::: INFORMATION PROVIDED

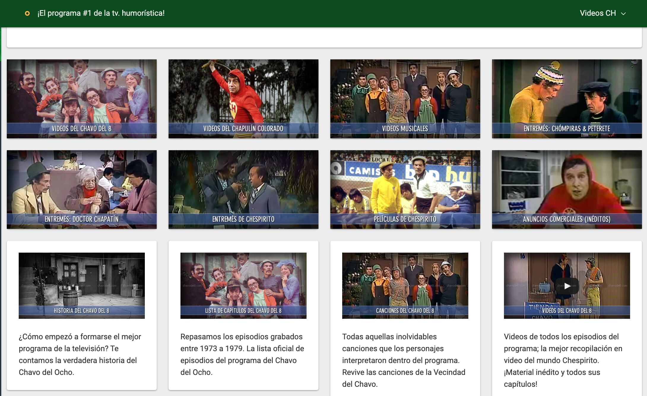 “Vecindad Ch”. Es una web bastante completa que incluye no solo los capítulos de “El Chavo del 8″ sino de todos los personajes creados por Chespirito así como comerciales, películas, etc, relacionados con este universo. Todo está debidamente ordenado por años, personajes y nombres de cada capítulo.
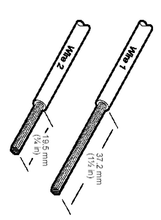 2. Strip 6.35mm (1/4 in) of insulation from each wire end, taking care not to nick or cut wire strands.
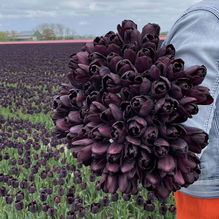 Глибокий, майже чорний відтінок пелюсток із фіолетовим блиском виглядає розкішно як у саду, так і в букетах. Це справжня “чорна перлина” серед тюльпанів.
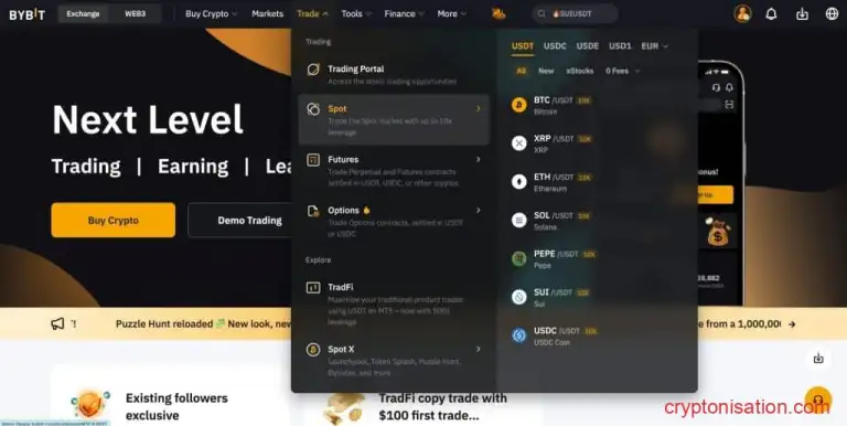 - Находясь на главной странице, выберите пункт меню «Spot» из раскрывающегося списка «Trade»;
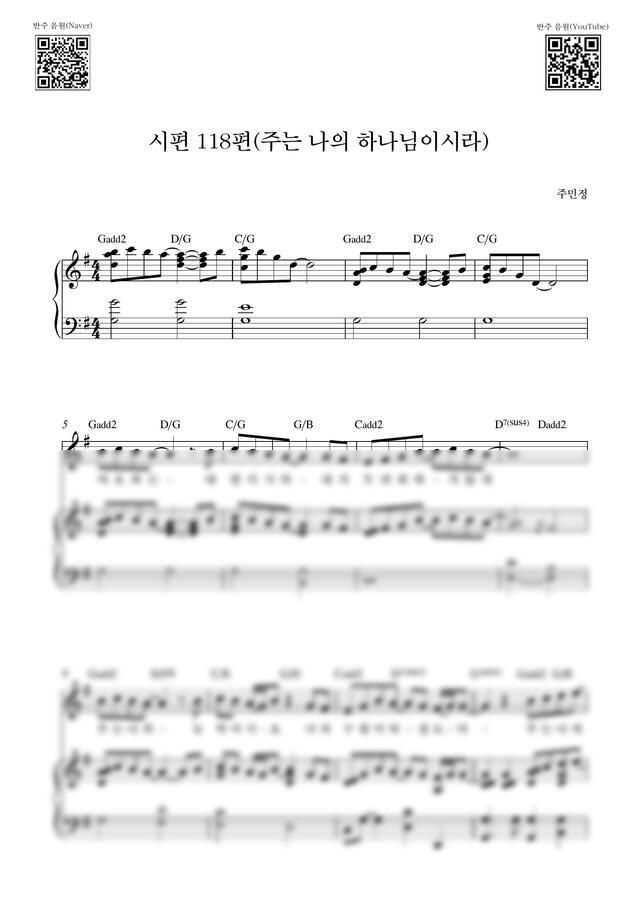 주민정 (제이어스) - 시편 118편 (주는 나의 하나님이시라)_G Key (피아노 3단) by Samuel Park1
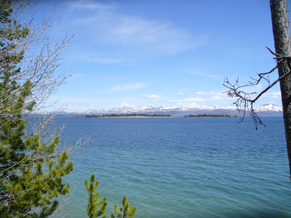 Blue lake under white peaks
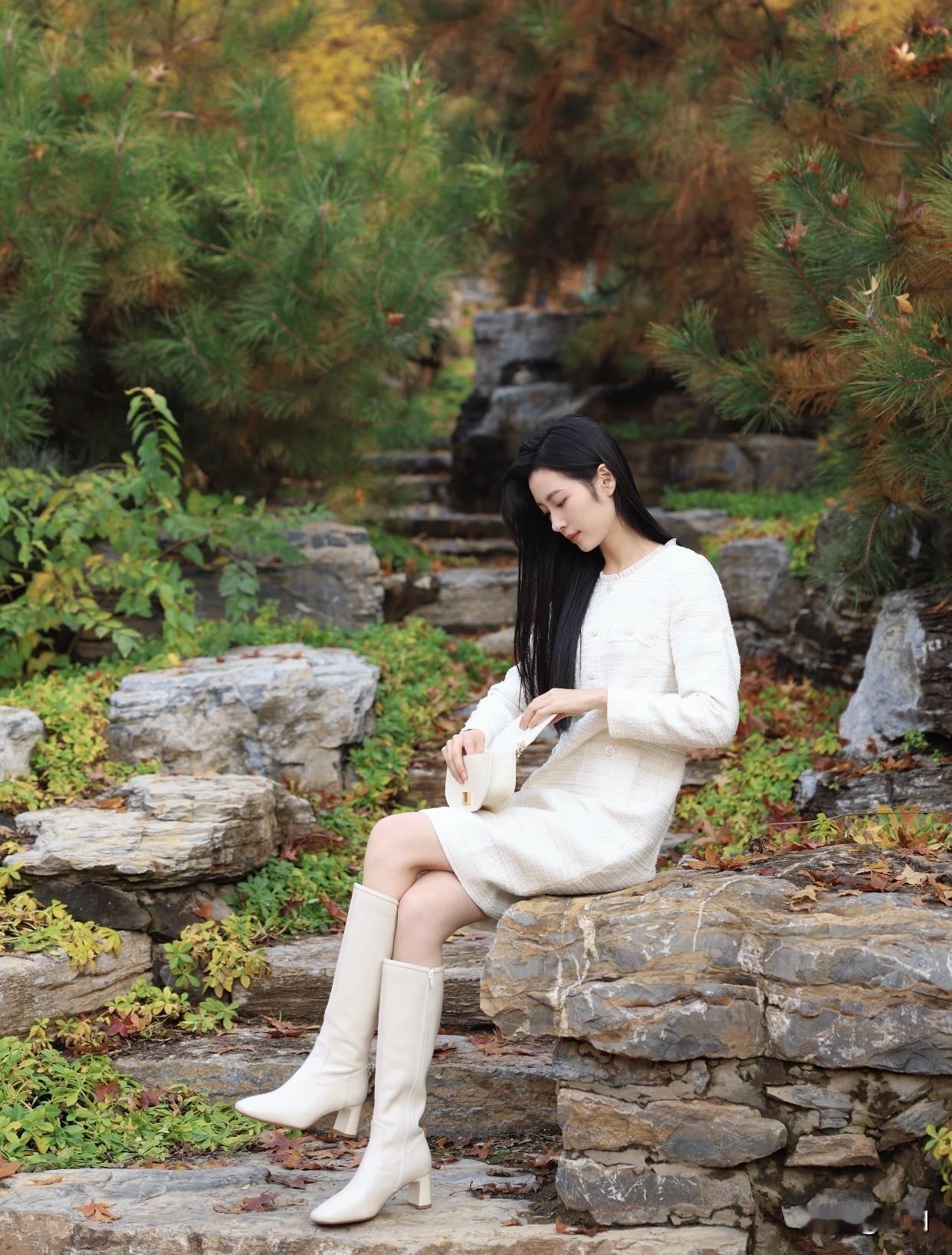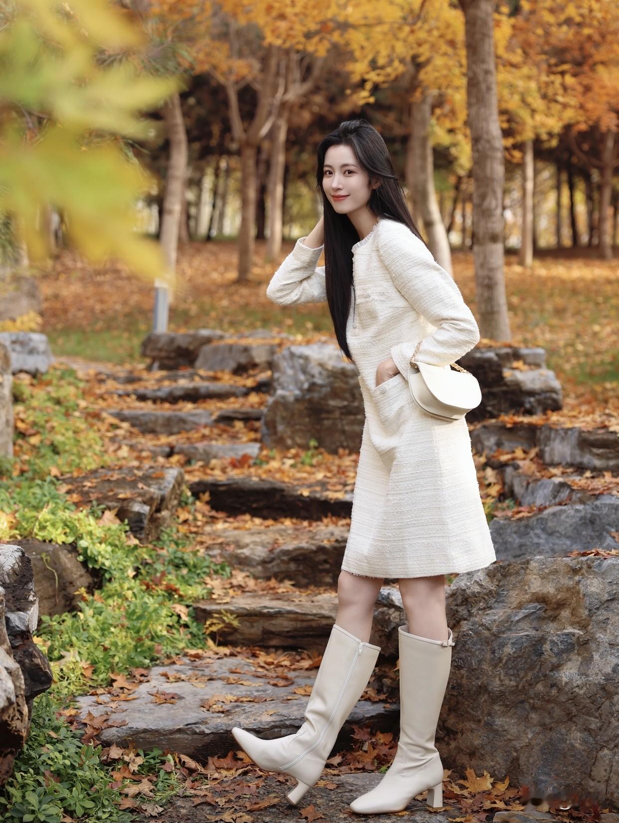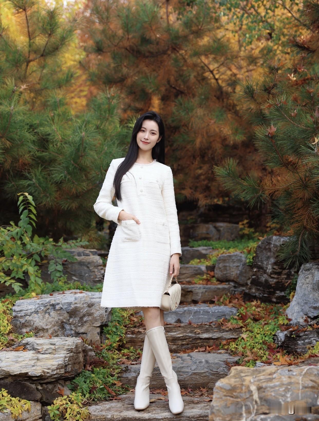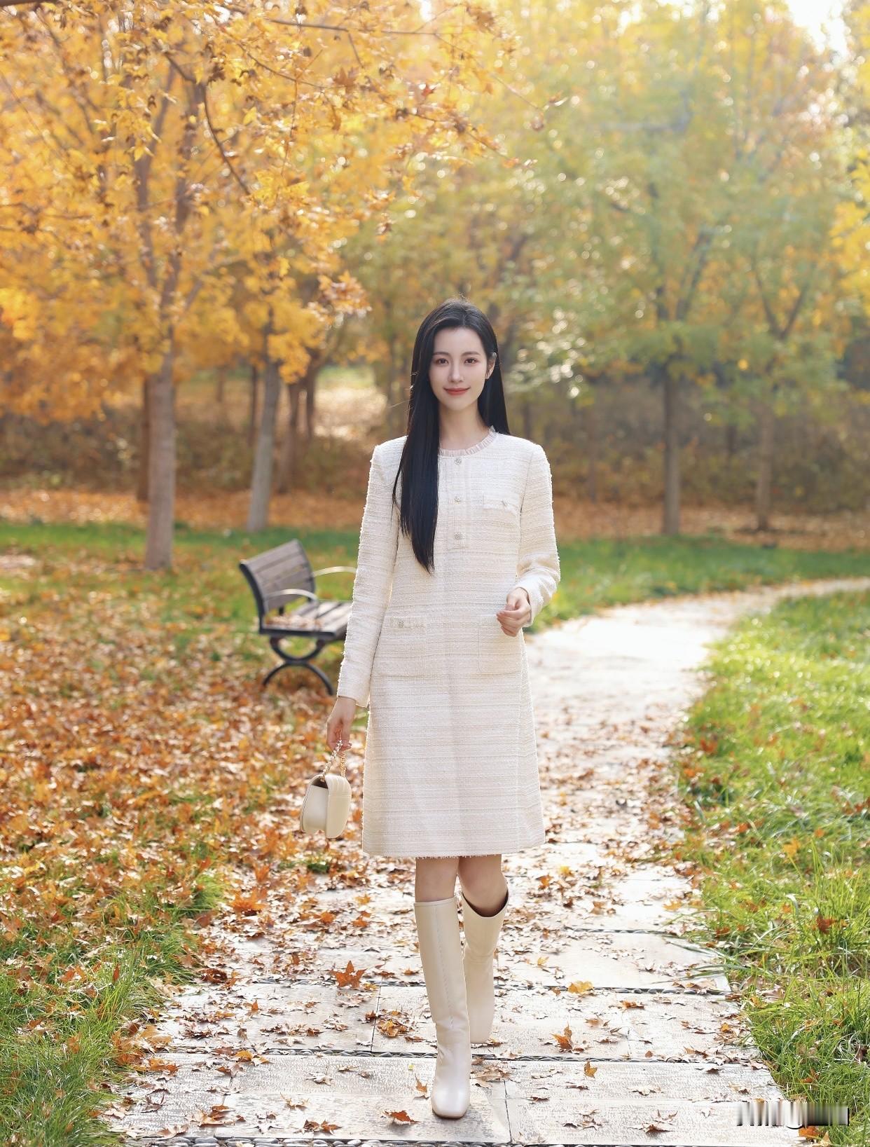 怎样穿搭让自己更优雅秋日漫步,优雅白裙与自然融为一体

::::::

EXERCISE OBJECTIVE:
In the records above, the lines from the one containing "주민정 (제이어스) - 시편" through the last line are to be written out exactly, both ends included and pictures omitted.

ANSWER AREA:
 주민정 (제이어스) - 시편 118편 (주는 나의 하나님이시라)_G Key (피아노 3단) by Samuel Park1
 Blue lake under white peaks
 怎样穿搭让自己更优雅秋日漫步,优雅白裙与自然融为一体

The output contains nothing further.